Gates gives it all away

Microsoft's slacker founder decides to do something meaningful with his life.

Published June 15, 2006 10:58PM (EDT)

The news this afternoon that Bill Gates is embarking on a "two-year transition" from his role at Microsoft to greater involvement with his foundation, the Bill and Melinda Gates Foundation, is not your average corporate retirement announcement. The Gates Foundation currently has an endowment of about $30 billion, and is required by law to give away 5 percent annually. That's about $1.5 billion of philanthropy a year, which is a nice chunk of change.

What's even nicer are the priorities of the Gates Foundation -- reproductive health and family planning, research and development into diseases that afflict the populations of developing nations, access to education and information technologies. I spent a prime chunk of my reporting years writing critically about Microsoft and I'm no fan of his company's business tactics or approach to software development. But I've certainly come around to believing that Bill Gates' heart is in the right place when it comes to what should be done with all his unbelievable riches.

Almost 10 years ago, back when Gates was still widely regarded as a skinflint, I wrote a story for Salon that looked at some patterns that were beginning to become visible in his individual philanthropy, and I asked the question, partly tongue-in-cheek, "Is Bill Gates a closet liberal?" I also quoted a speech he gave at that time to an audience in Silicon Valley, in which he said, "I'm just a steward of this wealth and someday I will return it to society." I can't say I really believed him then.

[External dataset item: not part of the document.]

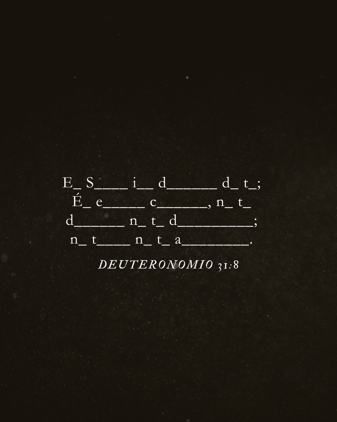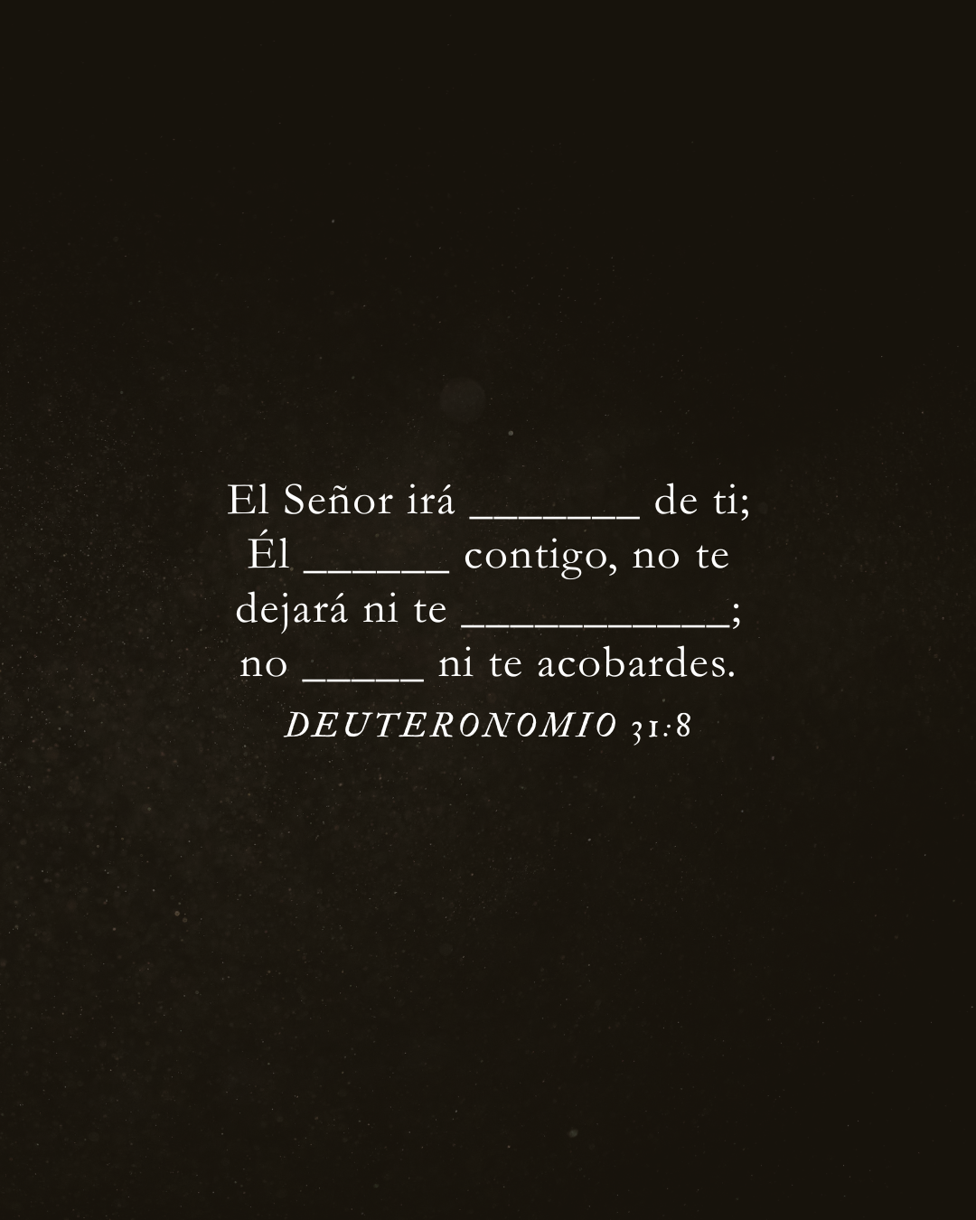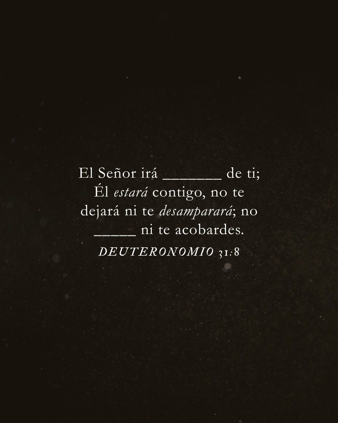 L’Eternel lui-même marchera devant toi, il sera avec toi, il ne te délaissera pas et il ne t’abandonnera pas. Ne crains rien et ne te laisse pas effrayer !

I do now.

And if you believe, as I do, that there are few better ways to attack the root causes of inequality on the globe than by assuring that women in developing countries have access to healthcare and education, then you must concede that the Gates Foundation is tackling some of the biggest challenges on the planet head-on. In 2003, Gates told Bill Moyers that the plight of poor women and children in developing nations was a "failure of capitalism." That's strong stuff from one of capitalism's most famous latter-day robber barons. Would that more of his colleagues at the helms of the world's biggest corporations could see beyond their boardrooms and realize that, yes, the market does fail us, all the time, and we should do something about it. And don't even get me started on our political leaders.